PROBLEM DETAILS:
Your copy of the data should leave out the images and match everything else exactly.
________
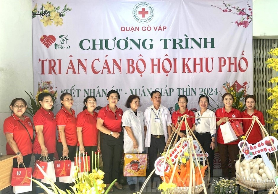 Phó Bí thư Thường trực Quận ủy Nguyễn Thị Thu Hoài cùng Chủ tịch Hội CTĐ quận Lê Thị Vịnh tặng quà và chúc Tết các cán bộ Hội CTĐ cơ sở(Thanhuytphcm.vn) - Ngày 30/1, Hội Chữ thập đỏ (CTĐ) quận Gò Vấp đã tổ chức họp mặt, chúc Tết cán bộ Hội cơ sở. Đồng chí Nguyễn Thị Thu Hoài, Phó Bí thư Thường trực Quận ủy, Chủ tịch danh dự Hội CTĐ quận đã đến dự và chúc tết cán bộ, hội viên.
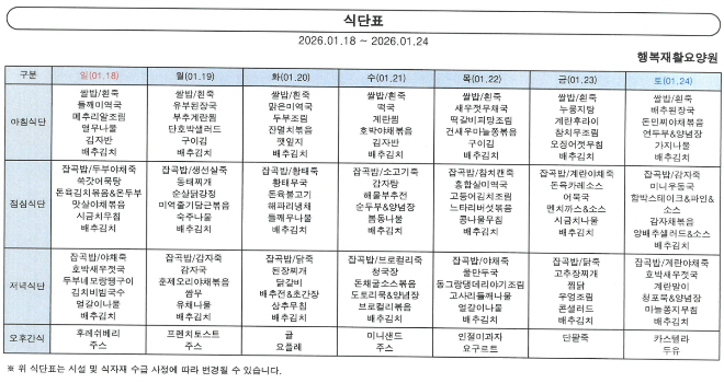 2026년 1월 3주 식단표 페이지 정보 작성자 관리자 댓글 0건 조회 12회 작성일 26-01-16 19:09 목록 본문 2026년 1월 3주 식단표 이전글2026년 1월 4주/2월 1주 식단표 26.01.23 다음글2026년 1월 2주 식단표 26.01.04 댓글 0 댓글목록 등록된 댓글이 없습니다.
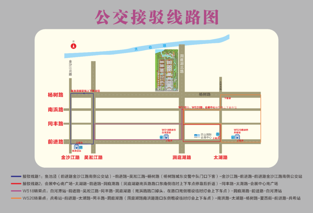为方便市民朋友通过公共交通(轨道交通)等绿色出行,主办方将安排2条公交接驳车线路(国际会展中心站和鱼池泾站),以及原有的两条微巴士(W520和W518)增设灯会临时停车点,换乘点分别为白河潭站及兵希站。详情见下图:
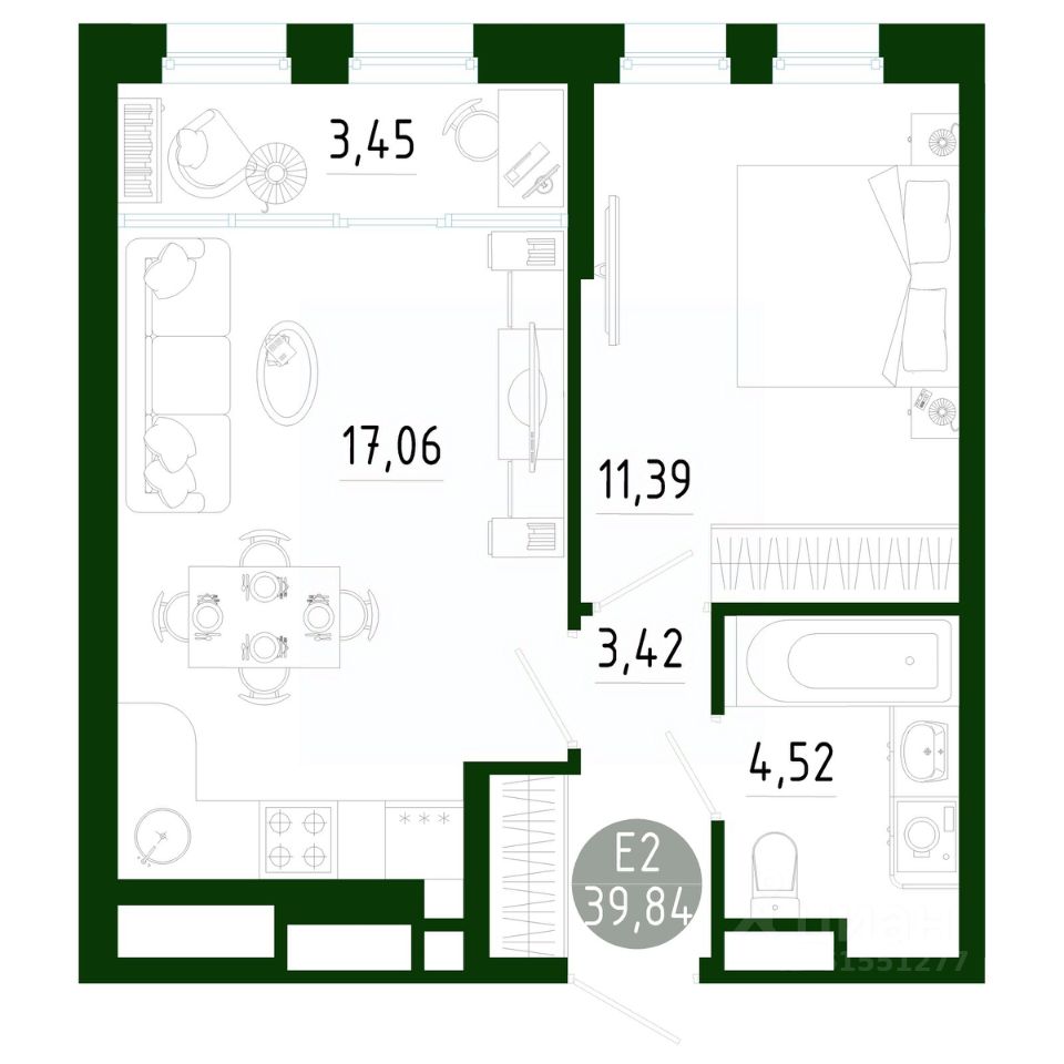 Продаётся 1-комнатная квартира в строящемся доме (Позиция 2), срок сдачи: III-кв. 2029, общей площадью 39.84 кв.м., на 1 этаже. Новый жилой комплекс в г. Тула "Платон Парк" от застройщика ООО "СЗ "МОНОЛИТ""
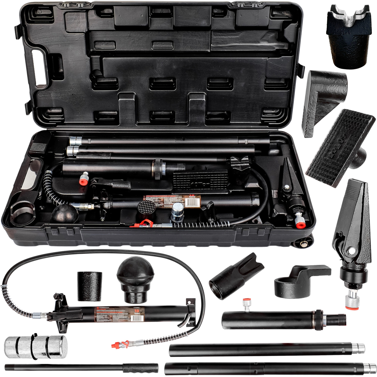 Rozpierak hydrauliczny 10T to kompletny zestaw do prostowania i naprawy elementów karoserii. Dzięki dużej sile, szerokiemu zestawowi akcesoriów i solidnej konstrukcji, jest to narzędzie, które poradzi sobie nawet z najbardziej wymagającymi zadaniami.
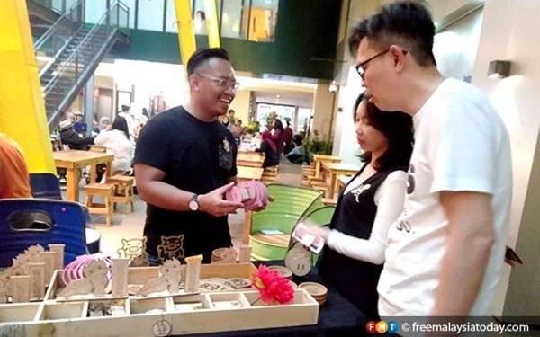 尤丽娜的丈夫向华裔客户兜售猪饰品。(图取自Lobak Merah网站)
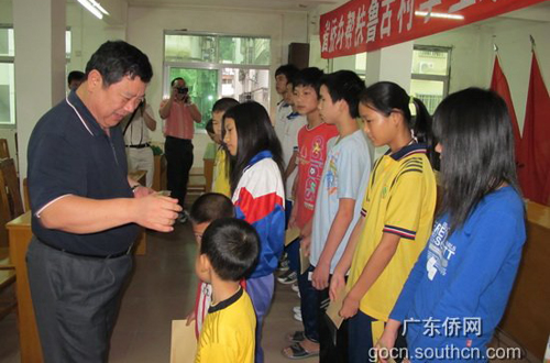 鲁古村谭欣欣同学代表受助学生衷心感谢广东省侨办的叔叔阿姨们,表示一定会努力学习,学好本领,回报社会,建设好家乡。朱尔武向受助学生发放了助学金,广东省侨办妇委会代表向困难母亲送上了慰问金。(文/肖锡权)
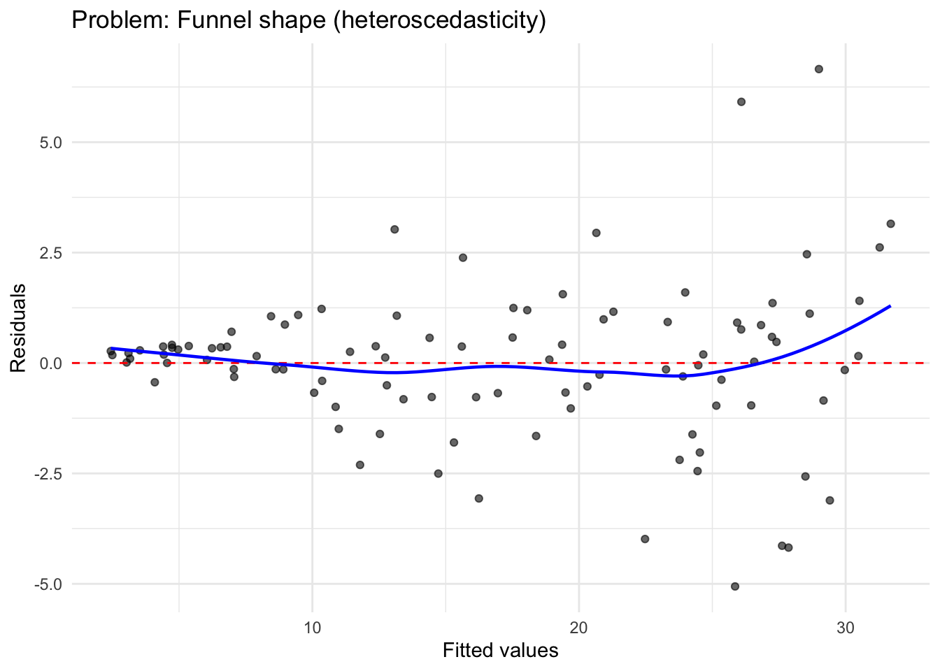 Why it matters: Heteroscedasticity (non-constant variance) leads to inefficient estimates and incorrect standard errors. While coefficient estimates remain unbiased, hypothesis tests and confidence intervals become unreliable.
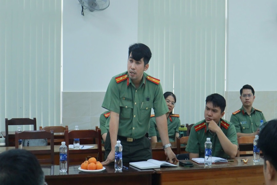 Báo cáo viên chính của Tọa đàm là TS, Thượng tá Lê Thị Nguyệt và ThS, Trung tá Hồ Thị Bích Thảo - những giảng viên có nhiều kinh nghiệm, công trình nghiên cứu liên quan đến chủ đề tọa đàm được công bố trên các tạp chí uy tín trong nước và quốc tế. Hai báo cáo viên đã trình bày các nội dung cốt lõi, trọng tâm, bao gồm: lý thuyết và một số công nghệ AI hỗ trợ biên soạn tiếng Anh chuyên ngành (EOP); quy trình thiết kế tài liệu EOP tích hợp công nghệ AI phù hợp với lực lượng CAND và kinh nghiệm và định hướng biên soạn tài liệu EOP tại Khoa Ngoại ngữ - Tin học.
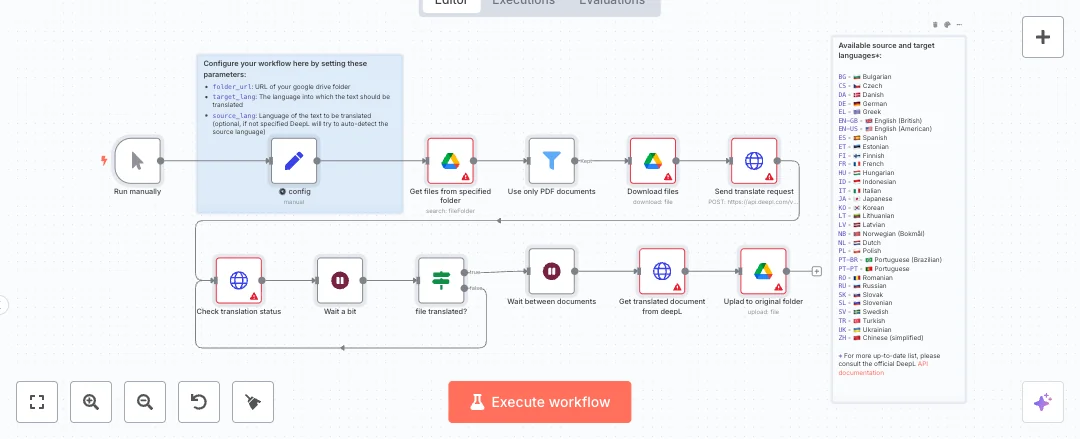 The flow starts on demand with a manual run. A config step holds three fields, the Drive folder link, the target language code, and an optional source language code. It lists files in the folder, keeps only PDFs, and downloads each file. Each document is sent to DeepL for translation. The system waits five seconds, checks the job status, and loops until the file is ready. A short two second pause between files helps with rate limits. When the result is ready, the translated file is downloaded and uploaded back to the same Drive folder.
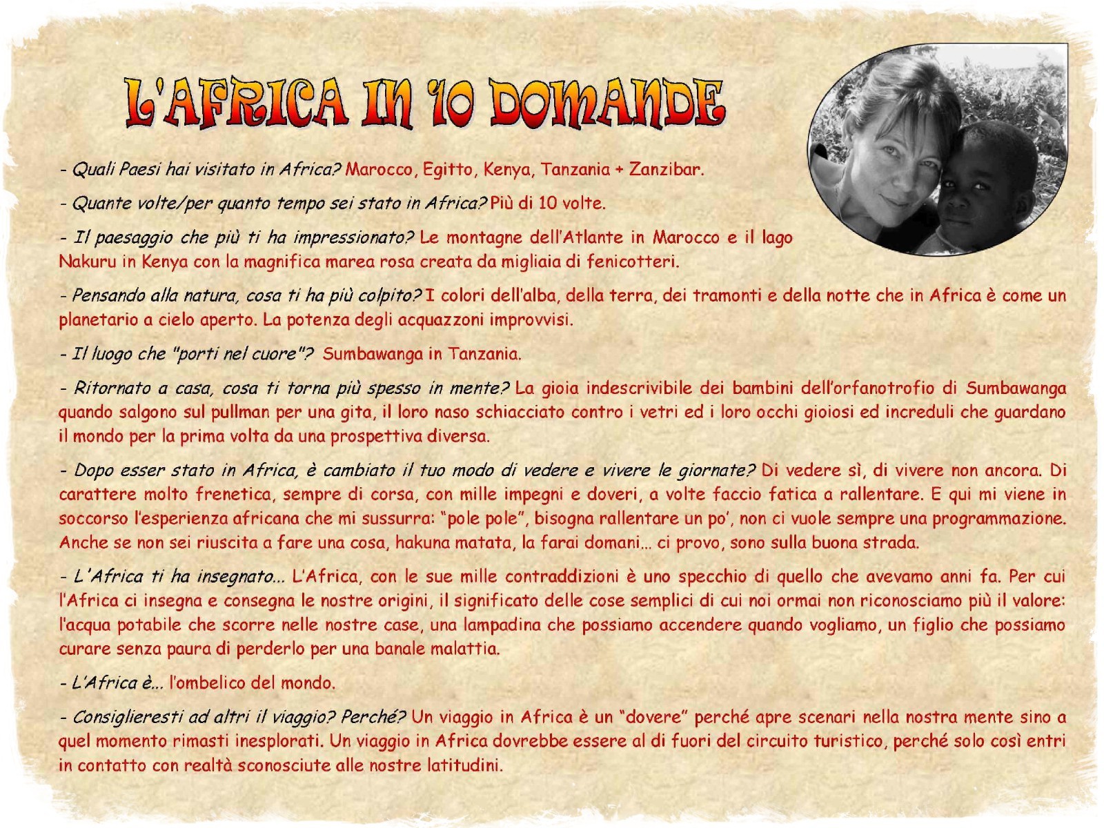 Francesca mi accennò al fatto che stava preparando un viaggio in Africa con un ragazzo ormai veterano di esperienze di volontariato in Kenya.
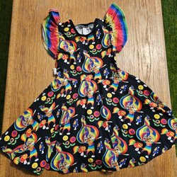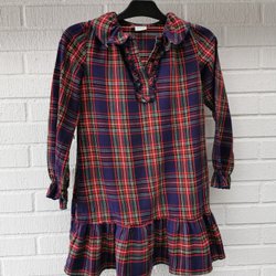 Söt klänning med blommigt mönster. Klänningen har en krage och knappar framtill. Den har korta ärmar och en utsvängd kjol.
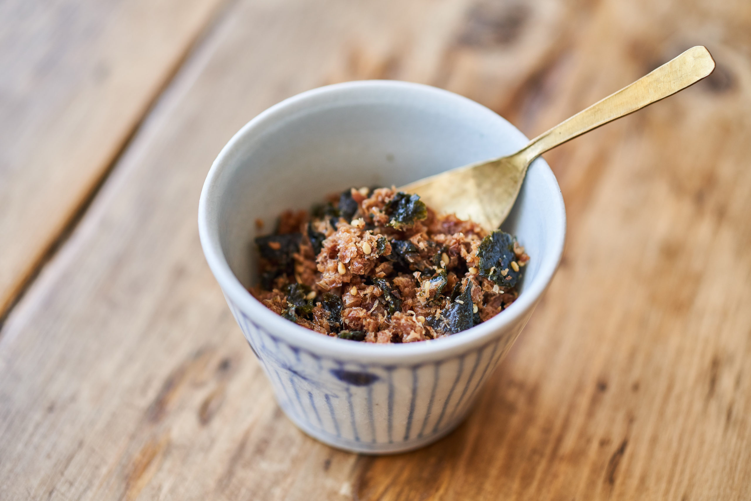 だしを作った時のだしがら活用、ふりかけの作り方です。
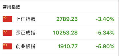 今日收盘,A股三大股指全面下挫,上证指数下跌3.4%失守2800点,深证成指跌5.34%,创业板指数暴跌5.9%,两市成交额9633亿元。
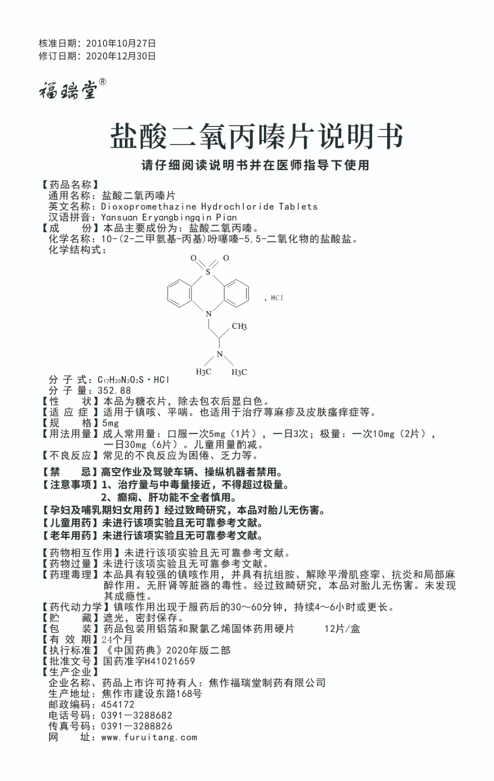 英文名稱:Dioxopromethazine Hydrochloride Tablets
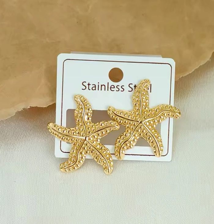 Boucles d’oreilles dorées en acier inoxydable, motifs étoile de mer, neuves
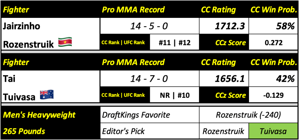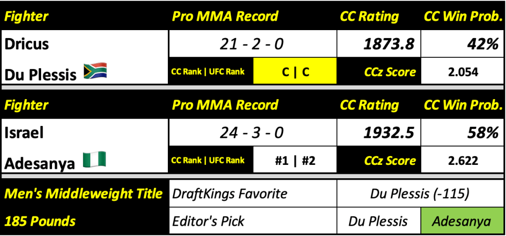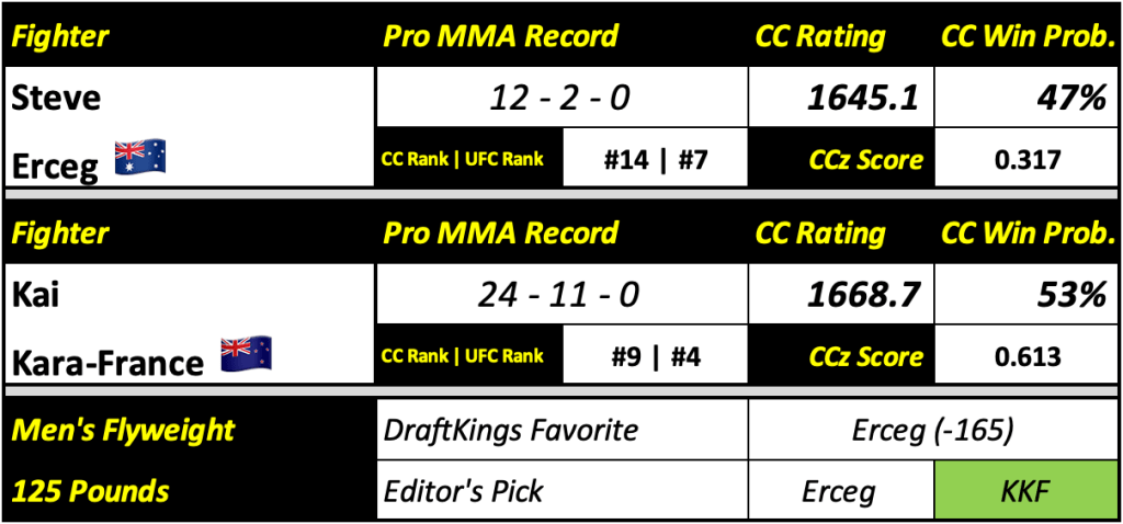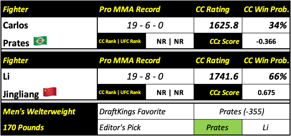 All win probabilities are based off of a fighter’s Cage Calculus (CC) Rating and their place in the CC Rankings. The fighter’s name highlighted in green at the bottom of the panel indicates the editor’s pick to win. Also featured below their record and rating is their divisional rankings in the CC Rankings and the official UFC Rankings. Any fighter falling outside of the top 15 of their respective division is classified as NR (not ranked).
________
PROBLEM SOLUTION:
 Phó Bí thư Thường trực Quận ủy Nguyễn Thị Thu Hoài cùng Chủ tịch Hội CTĐ quận Lê Thị Vịnh tặng quà và chúc Tết các cán bộ Hội CTĐ cơ sở(Thanhuytphcm.vn) - Ngày 30/1, Hội Chữ thập đỏ (CTĐ) quận Gò Vấp đã tổ chức họp mặt, chúc Tết cán bộ Hội cơ sở. Đồng chí Nguyễn Thị Thu Hoài, Phó Bí thư Thường trực Quận ủy, Chủ tịch danh dự Hội CTĐ quận đã đến dự và chúc tết cán bộ, hội viên.
 2026년 1월 3주 식단표 페이지 정보 작성자 관리자 댓글 0건 조회 12회 작성일 26-01-16 19:09 목록 본문 2026년 1월 3주 식단표 이전글2026년 1월 4주/2월 1주 식단표 26.01.23 다음글2026년 1월 2주 식단표 26.01.04 댓글 0 댓글목록 등록된 댓글이 없습니다.
为方便市民朋友通过公共交通(轨道交通)等绿色出行,主办方将安排2条公交接驳车线路(国际会展中心站和鱼池泾站),以及原有的两条微巴士(W520和W518)增设灯会临时停车点,换乘点分别为白河潭站及兵希站。详情见下图:
 Продаётся 1-комнатная квартира в строящемся доме (Позиция 2), срок сдачи: III-кв. 2029, общей площадью 39.84 кв.м., на 1 этаже. Новый жилой комплекс в г. Тула "Платон Парк" от застройщика ООО "СЗ "МОНОЛИТ""
 Rozpierak hydrauliczny 10T to kompletny zestaw do prostowania i naprawy elementów karoserii. Dzięki dużej sile, szerokiemu zestawowi akcesoriów i solidnej konstrukcji, jest to narzędzie, które poradzi sobie nawet z najbardziej wymagającymi zadaniami.
 尤丽娜的丈夫向华裔客户兜售猪饰品。(图取自Lobak Merah网站)
 鲁古村谭欣欣同学代表受助学生衷心感谢广东省侨办的叔叔阿姨们,表示一定会努力学习,学好本领,回报社会,建设好家乡。朱尔武向受助学生发放了助学金,广东省侨办妇委会代表向困难母亲送上了慰问金。(文/肖锡权)
 Why it matters: Heteroscedasticity (non-constant variance) leads to inefficient estimates and incorrect standard errors. While coefficient estimates remain unbiased, hypothesis tests and confidence intervals become unreliable.
 Báo cáo viên chính của Tọa đàm là TS, Thượng tá Lê Thị Nguyệt và ThS, Trung tá Hồ Thị Bích Thảo - những giảng viên có nhiều kinh nghiệm, công trình nghiên cứu liên quan đến chủ đề tọa đàm được công bố trên các tạp chí uy tín trong nước và quốc tế. Hai báo cáo viên đã trình bày các nội dung cốt lõi, trọng tâm, bao gồm: lý thuyết và một số công nghệ AI hỗ trợ biên soạn tiếng Anh chuyên ngành (EOP); quy trình thiết kế tài liệu EOP tích hợp công nghệ AI phù hợp với lực lượng CAND và kinh nghiệm và định hướng biên soạn tài liệu EOP tại Khoa Ngoại ngữ - Tin học.
 The flow starts on demand with a manual run. A config step holds three fields, the Drive folder link, the target language code, and an optional source language code. It lists files in the folder, keeps only PDFs, and downloads each file. Each document is sent to DeepL for translation. The system waits five seconds, checks the job status, and loops until the file is ready. A short two second pause between files helps with rate limits. When the result is ready, the translated file is downloaded and uploaded back to the same Drive folder.
 Francesca mi accennò al fatto che stava preparando un viaggio in Africa con un ragazzo ormai veterano di esperienze di volontariato in Kenya.
 Söt klänning med blommigt mönster. Klänningen har en krage och knappar framtill. Den har korta ärmar och en utsvängd kjol.
 だしを作った時のだしがら活用、ふりかけの作り方です。
 今日收盘,A股三大股指全面下挫,上证指数下跌3.4%失守2800点,深证成指跌5.34%,创业板指数暴跌5.9%,两市成交额9633亿元。
 英文名稱:Dioxopromethazine Hydrochloride Tablets
 Boucles d’oreilles dorées en acier inoxydable, motifs étoile de mer, neuves
 All win probabilities are based off of a fighter’s Cage Calculus (CC) Rating and their place in the CC Rankings. The fighter’s name highlighted in green at the bottom of the panel indicates the editor’s pick to win. Also featured below their record and rating is their divisional rankings in the CC Rankings and the official UFC Rankings. Any fighter falling outside of the top 15 of their respective division is classified as NR (not ranked).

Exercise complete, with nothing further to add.